PROBLEM DETAILS:
Starting at the line with "You can view", return every line through the final one of the data, word for word. Pictures stay out.

______

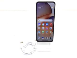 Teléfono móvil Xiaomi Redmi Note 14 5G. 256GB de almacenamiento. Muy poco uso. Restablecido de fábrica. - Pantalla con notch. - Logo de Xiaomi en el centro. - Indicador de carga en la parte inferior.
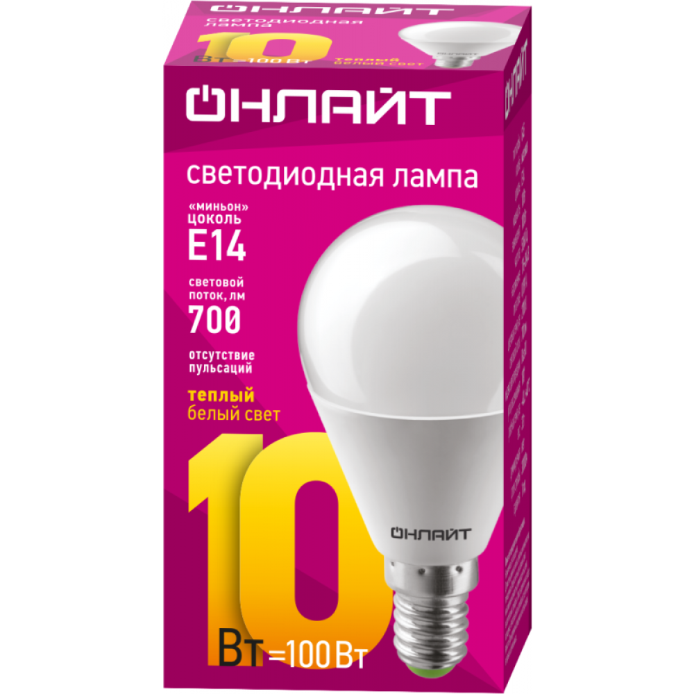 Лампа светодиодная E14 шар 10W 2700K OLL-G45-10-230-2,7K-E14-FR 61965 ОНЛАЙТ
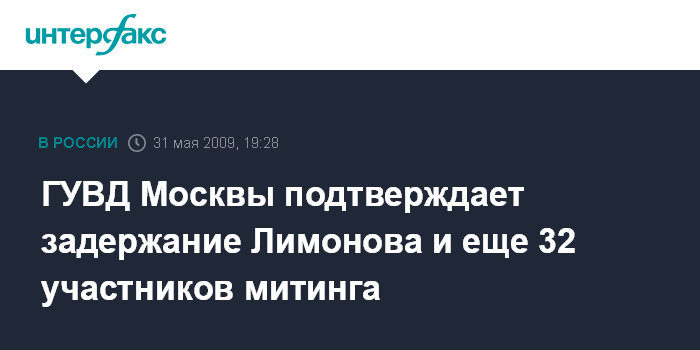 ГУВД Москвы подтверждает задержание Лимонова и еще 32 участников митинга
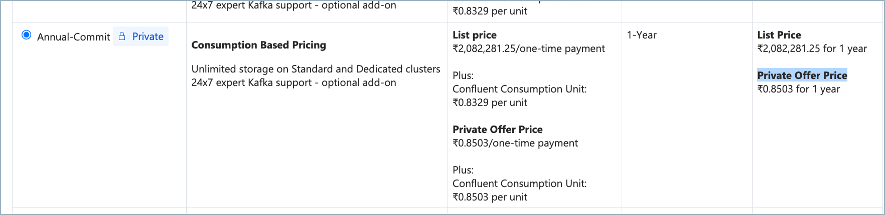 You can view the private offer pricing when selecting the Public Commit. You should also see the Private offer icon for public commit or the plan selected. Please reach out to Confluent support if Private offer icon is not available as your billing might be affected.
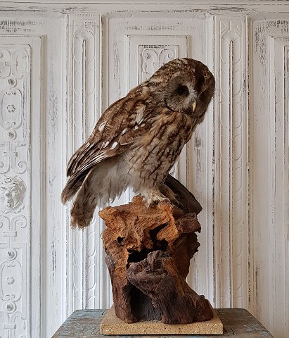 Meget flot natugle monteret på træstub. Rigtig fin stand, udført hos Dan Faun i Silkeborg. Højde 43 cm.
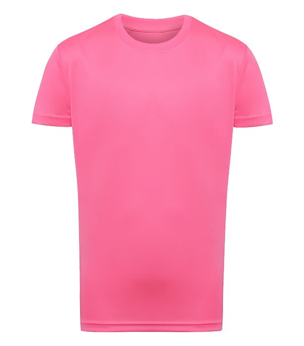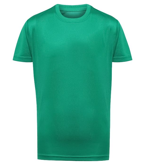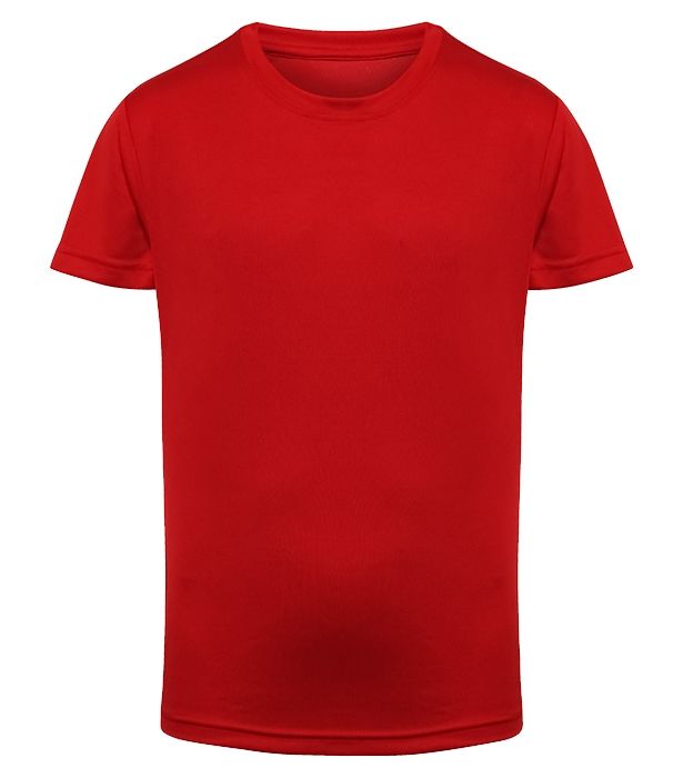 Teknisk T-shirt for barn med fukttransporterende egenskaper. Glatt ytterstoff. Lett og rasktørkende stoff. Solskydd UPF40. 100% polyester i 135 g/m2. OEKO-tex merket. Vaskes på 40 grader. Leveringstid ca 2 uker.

______

YOUR SOLUTION:
 You can view the private offer pricing when selecting the Public Commit. You should also see the Private offer icon for public commit or the plan selected. Please reach out to Confluent support if Private offer icon is not available as your billing might be affected.
 Meget flot natugle monteret på træstub. Rigtig fin stand, udført hos Dan Faun i Silkeborg. Højde 43 cm.
 Teknisk T-shirt for barn med fukttransporterende egenskaper. Glatt ytterstoff. Lett og rasktørkende stoff. Solskydd UPF40. 100% polyester i 135 g/m2. OEKO-tex merket. Vaskes på 40 grader. Leveringstid ca 2 uker.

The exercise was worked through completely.